Assignment:
All records, minus the pictures: write them out exactly.

Input for this task:
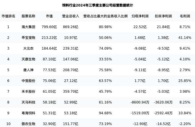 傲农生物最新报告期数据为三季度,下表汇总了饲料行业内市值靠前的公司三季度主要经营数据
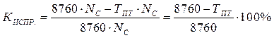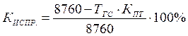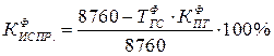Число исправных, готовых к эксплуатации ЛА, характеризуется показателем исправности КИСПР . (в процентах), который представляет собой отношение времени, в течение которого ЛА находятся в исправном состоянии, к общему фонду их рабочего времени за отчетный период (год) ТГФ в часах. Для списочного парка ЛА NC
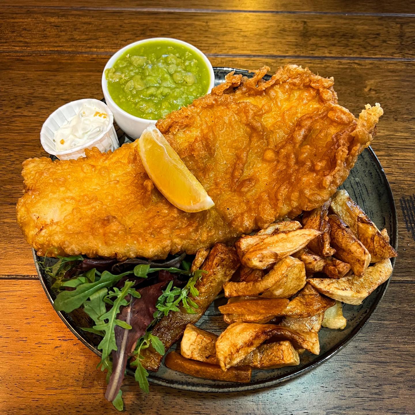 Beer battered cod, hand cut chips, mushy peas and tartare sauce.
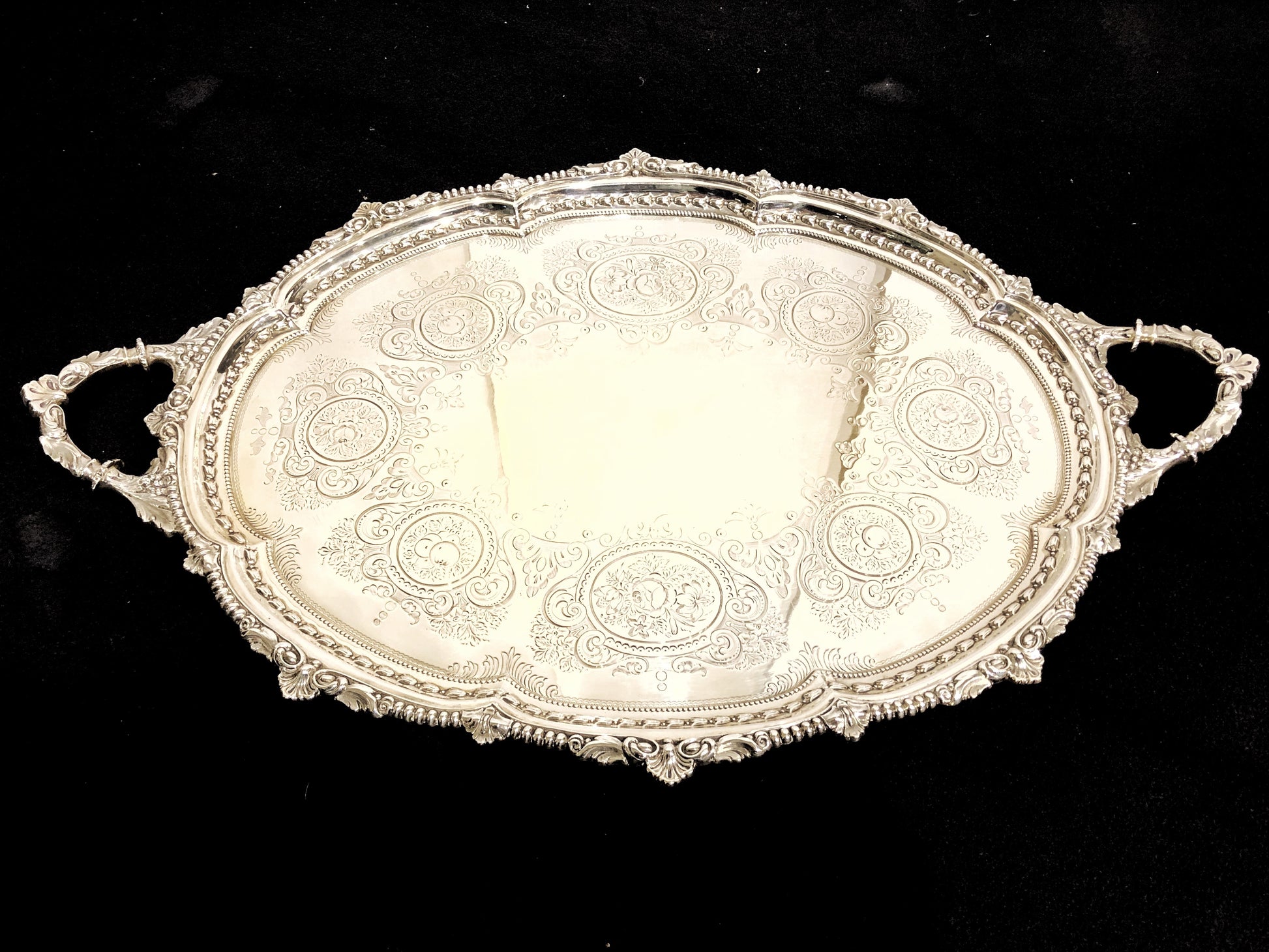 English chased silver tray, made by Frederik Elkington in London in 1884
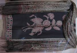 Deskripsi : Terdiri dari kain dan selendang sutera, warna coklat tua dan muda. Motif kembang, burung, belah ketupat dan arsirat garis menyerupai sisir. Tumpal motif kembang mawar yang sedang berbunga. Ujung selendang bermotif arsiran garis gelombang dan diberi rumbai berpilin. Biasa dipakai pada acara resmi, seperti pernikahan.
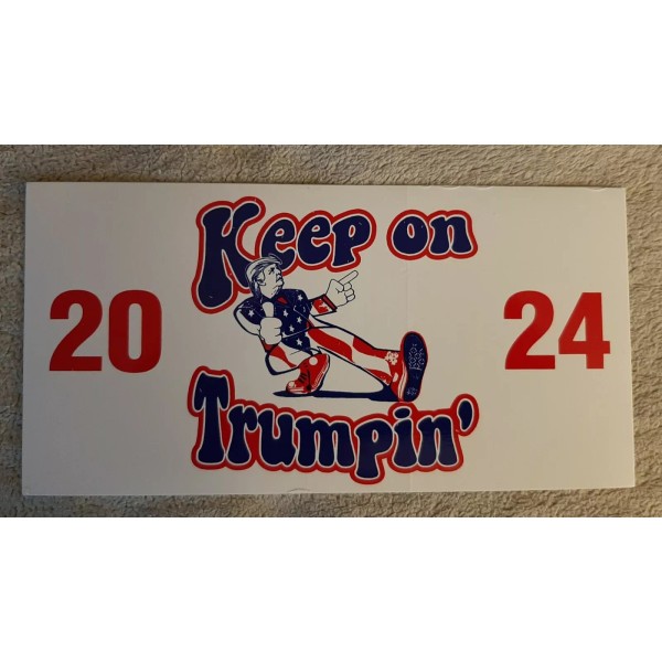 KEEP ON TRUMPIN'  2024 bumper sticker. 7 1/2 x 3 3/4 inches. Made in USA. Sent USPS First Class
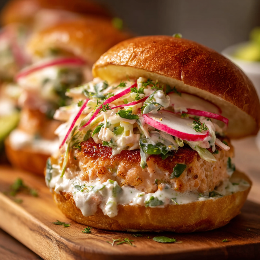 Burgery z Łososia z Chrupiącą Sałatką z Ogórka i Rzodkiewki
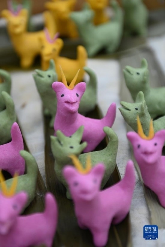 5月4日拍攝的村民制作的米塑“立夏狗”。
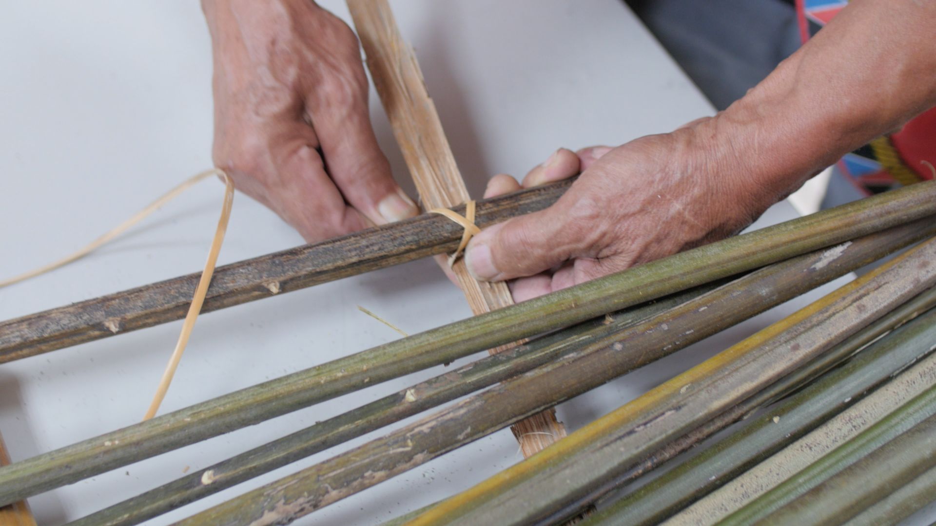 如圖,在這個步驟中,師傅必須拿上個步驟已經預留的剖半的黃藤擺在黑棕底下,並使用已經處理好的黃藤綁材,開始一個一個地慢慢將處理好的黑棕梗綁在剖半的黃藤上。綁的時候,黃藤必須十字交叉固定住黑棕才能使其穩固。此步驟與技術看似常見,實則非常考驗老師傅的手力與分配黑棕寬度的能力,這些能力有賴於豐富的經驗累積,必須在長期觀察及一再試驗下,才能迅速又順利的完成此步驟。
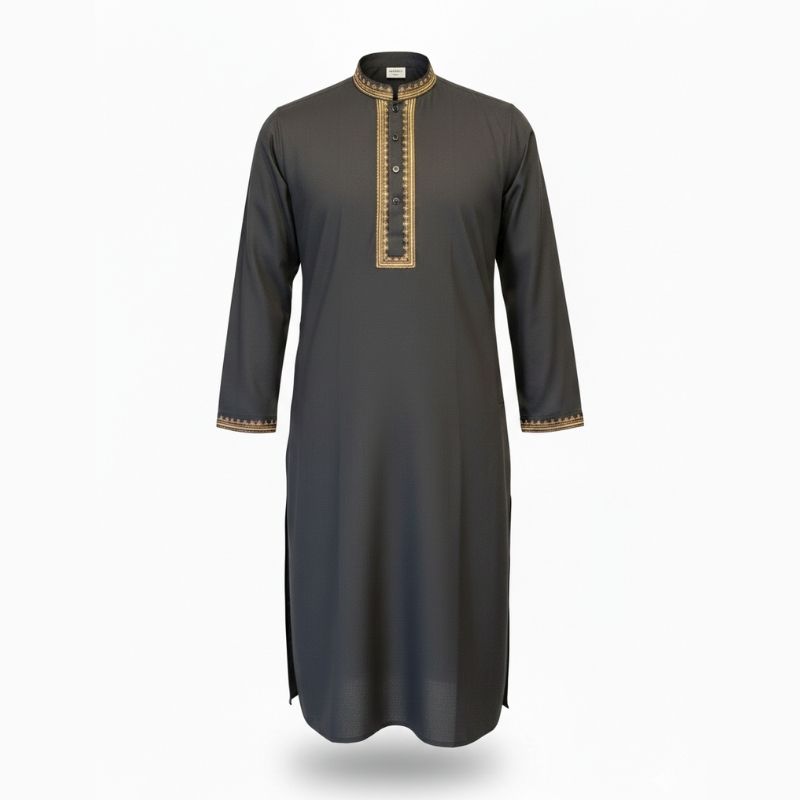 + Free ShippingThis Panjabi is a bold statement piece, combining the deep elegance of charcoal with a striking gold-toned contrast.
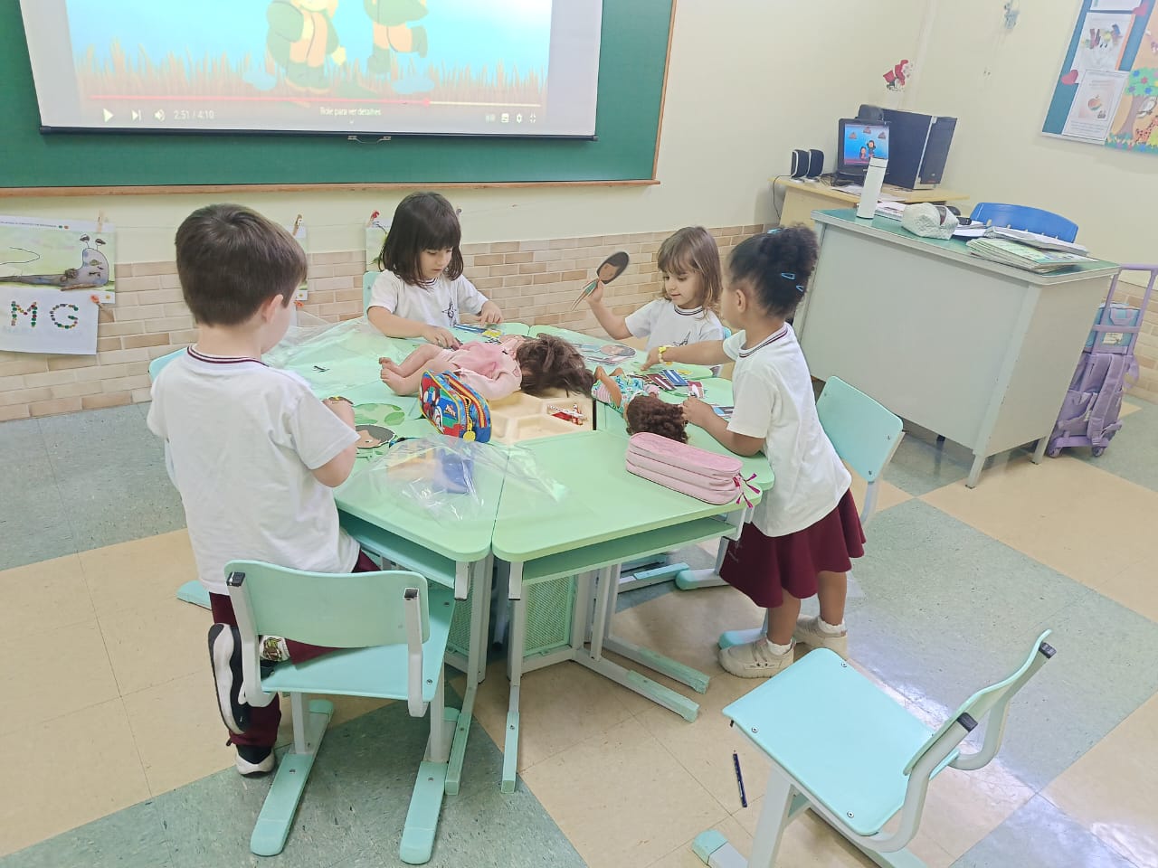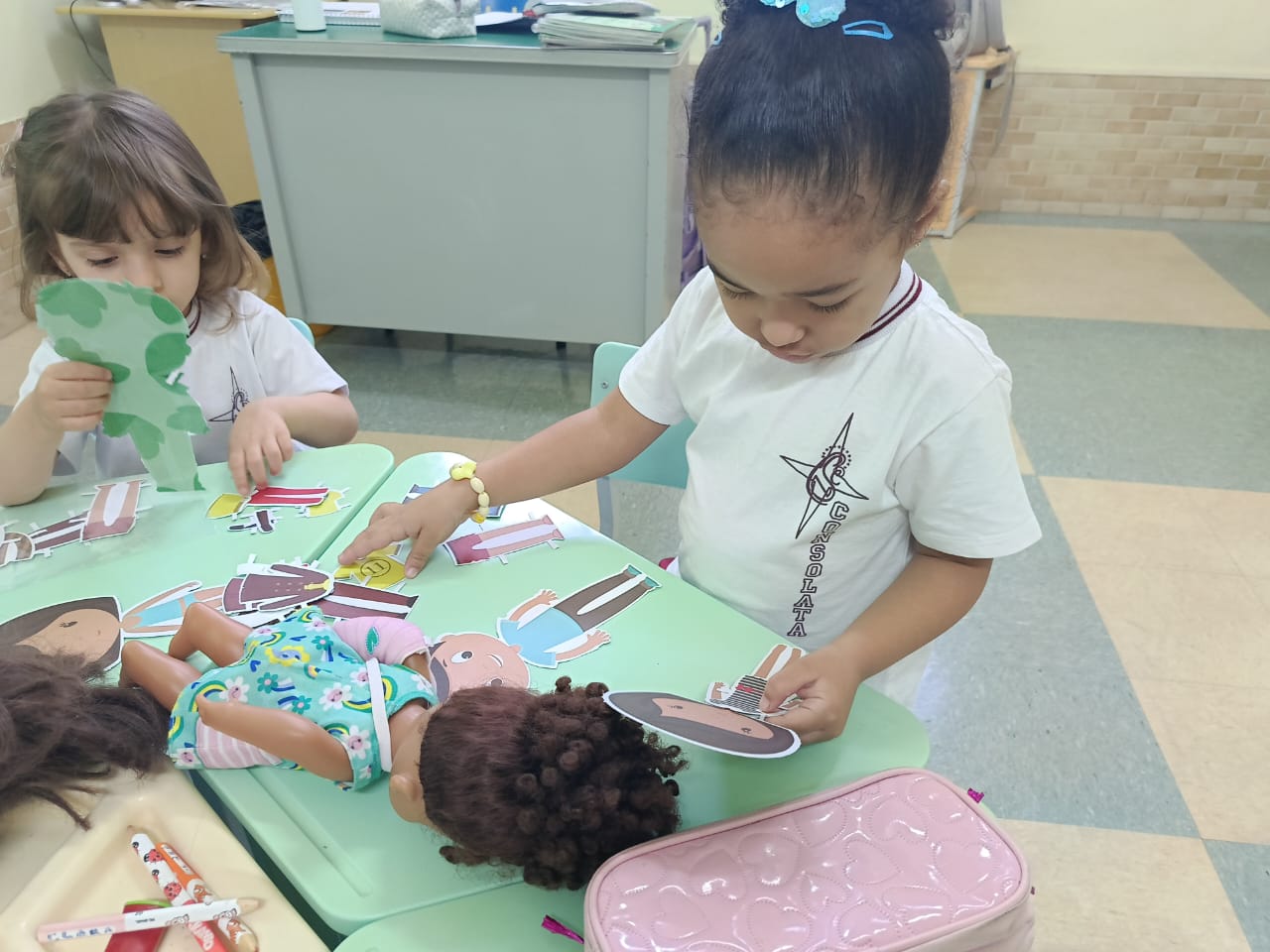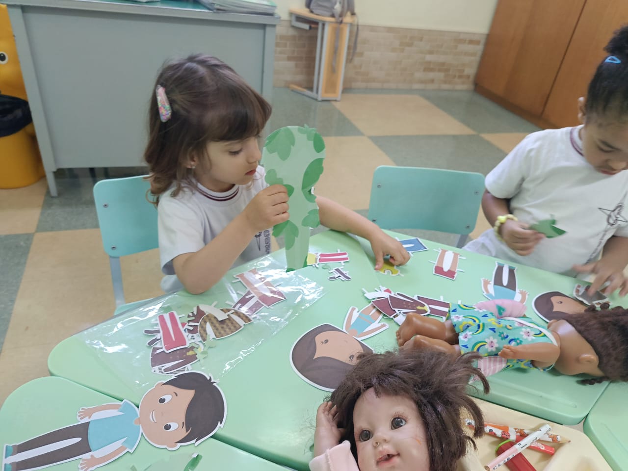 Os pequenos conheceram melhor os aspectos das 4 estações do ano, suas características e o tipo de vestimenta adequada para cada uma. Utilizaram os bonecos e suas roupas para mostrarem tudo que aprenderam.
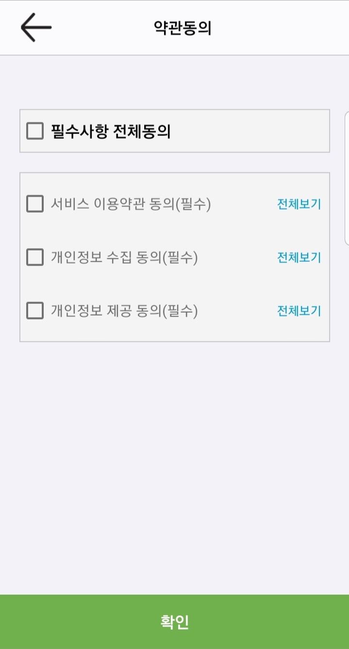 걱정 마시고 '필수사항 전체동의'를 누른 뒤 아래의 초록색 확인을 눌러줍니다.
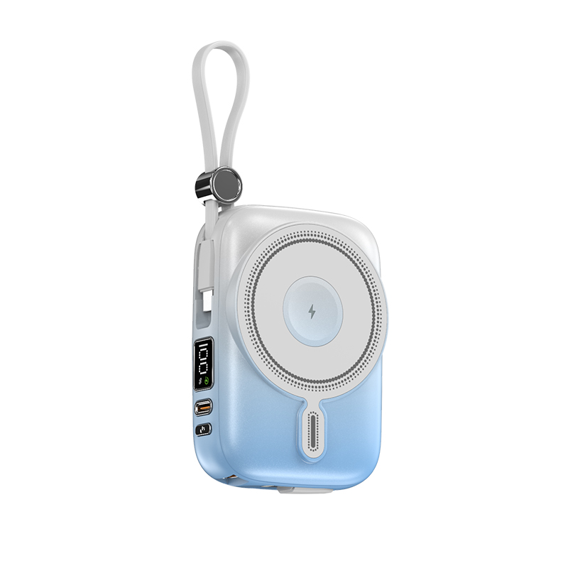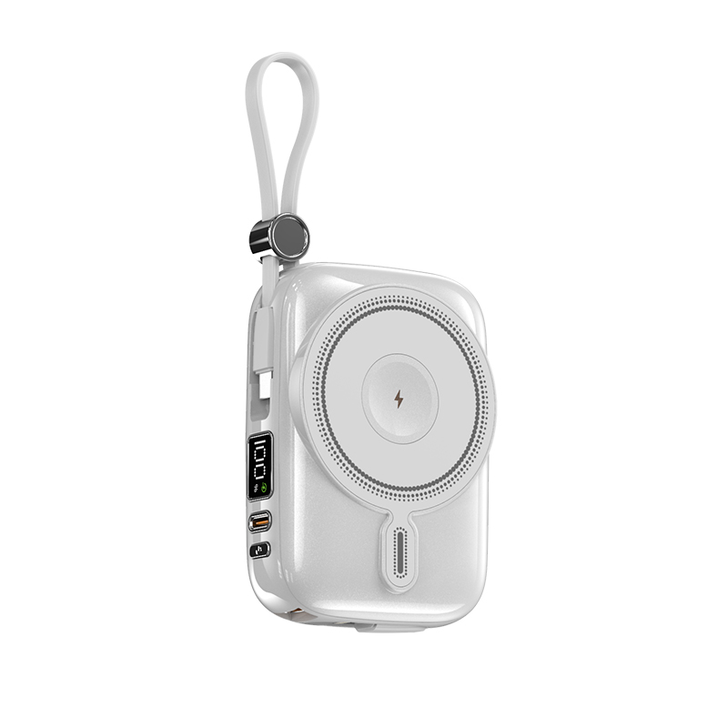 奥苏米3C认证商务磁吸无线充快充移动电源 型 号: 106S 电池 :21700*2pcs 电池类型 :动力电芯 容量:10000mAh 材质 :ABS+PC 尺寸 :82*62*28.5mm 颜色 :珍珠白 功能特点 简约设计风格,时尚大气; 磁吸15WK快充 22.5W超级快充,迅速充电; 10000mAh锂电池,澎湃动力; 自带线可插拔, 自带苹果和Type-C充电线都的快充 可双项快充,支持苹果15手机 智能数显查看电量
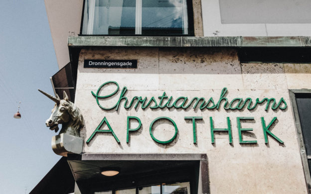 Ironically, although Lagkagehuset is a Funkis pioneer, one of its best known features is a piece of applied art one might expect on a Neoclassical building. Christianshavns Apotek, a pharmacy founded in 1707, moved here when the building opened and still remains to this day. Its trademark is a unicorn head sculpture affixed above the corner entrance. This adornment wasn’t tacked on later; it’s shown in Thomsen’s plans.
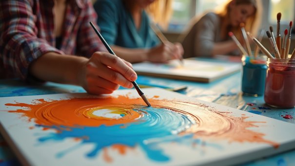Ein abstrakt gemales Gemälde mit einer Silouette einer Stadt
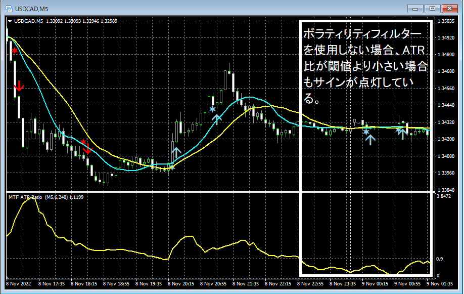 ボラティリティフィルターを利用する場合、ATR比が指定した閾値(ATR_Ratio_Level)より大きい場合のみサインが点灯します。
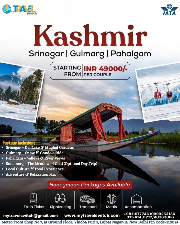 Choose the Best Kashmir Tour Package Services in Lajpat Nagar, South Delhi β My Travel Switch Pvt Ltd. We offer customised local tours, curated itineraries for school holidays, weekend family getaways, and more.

Reply:
 傲农生物最新报告期数据为三季度,下表汇总了饲料行业内市值靠前的公司三季度主要经营数据
Число исправных, готовых к эксплуатации ЛА, характеризуется показателем исправности КИСПР . (в процентах), который представляет собой отношение времени, в течение которого ЛА находятся в исправном состоянии, к общему фонду их рабочего времени за отчетный период (год) ТГФ в часах. Для списочного парка ЛА NC
 Beer battered cod, hand cut chips, mushy peas and tartare sauce.
 English chased silver tray, made by Frederik Elkington in London in 1884
 Deskripsi : Terdiri dari kain dan selendang sutera, warna coklat tua dan muda. Motif kembang, burung, belah ketupat dan arsirat garis menyerupai sisir. Tumpal motif kembang mawar yang sedang berbunga. Ujung selendang bermotif arsiran garis gelombang dan diberi rumbai berpilin. Biasa dipakai pada acara resmi, seperti pernikahan.
 KEEP ON TRUMPIN'  2024 bumper sticker. 7 1/2 x 3 3/4 inches. Made in USA. Sent USPS First Class
 Burgery z Łososia z Chrupiącą Sałatką z Ogórka i Rzodkiewki
 5月4日拍攝的村民制作的米塑“立夏狗”。
 如圖,在這個步驟中,師傅必須拿上個步驟已經預留的剖半的黃藤擺在黑棕底下,並使用已經處理好的黃藤綁材,開始一個一個地慢慢將處理好的黑棕梗綁在剖半的黃藤上。綁的時候,黃藤必須十字交叉固定住黑棕才能使其穩固。此步驟與技術看似常見,實則非常考驗老師傅的手力與分配黑棕寬度的能力,這些能力有賴於豐富的經驗累積,必須在長期觀察及一再試驗下,才能迅速又順利的完成此步驟。
 + Free ShippingThis Panjabi is a bold statement piece, combining the deep elegance of charcoal with a striking gold-toned contrast.
 Os pequenos conheceram melhor os aspectos das 4 estações do ano, suas características e o tipo de vestimenta adequada para cada uma. Utilizaram os bonecos e suas roupas para mostrarem tudo que aprenderam.
 걱정 마시고 '필수사항 전체동의'를 누른 뒤 아래의 초록색 확인을 눌러줍니다.
 奥苏米3C认证商务磁吸无线充快充移动电源 型 号: 106S 电池 :21700*2pcs 电池类型 :动力电芯 容量:10000mAh 材质 :ABS+PC 尺寸 :82*62*28.5mm 颜色 :珍珠白 功能特点 简约设计风格,时尚大气; 磁吸15WK快充 22.5W超级快充,迅速充电; 10000mAh锂电池,澎湃动力; 自带线可插拔, 自带苹果和Type-C充电线都的快充 可双项快充,支持苹果15手机 智能数显查看电量
 Ironically, although Lagkagehuset is a Funkis pioneer, one of its best known features is a piece of applied art one might expect on a Neoclassical building. Christianshavns Apotek, a pharmacy founded in 1707, moved here when the building opened and still remains to this day. Its trademark is a unicorn head sculpture affixed above the corner entrance. This adornment wasn’t tacked on later; it’s shown in Thomsen’s plans.
Ein abstrakt gemales Gemälde mit einer Silouette einer Stadt
 ボラティリティフィルターを利用する場合、ATR比が指定した閾値(ATR_Ratio_Level)より大きい場合のみサインが点灯します。
 Choose the Best Kashmir Tour Package Services in Lajpat Nagar, South Delhi β My Travel Switch Pvt Ltd. We offer customised local tours, curated itineraries for school holidays, weekend family getaways, and more.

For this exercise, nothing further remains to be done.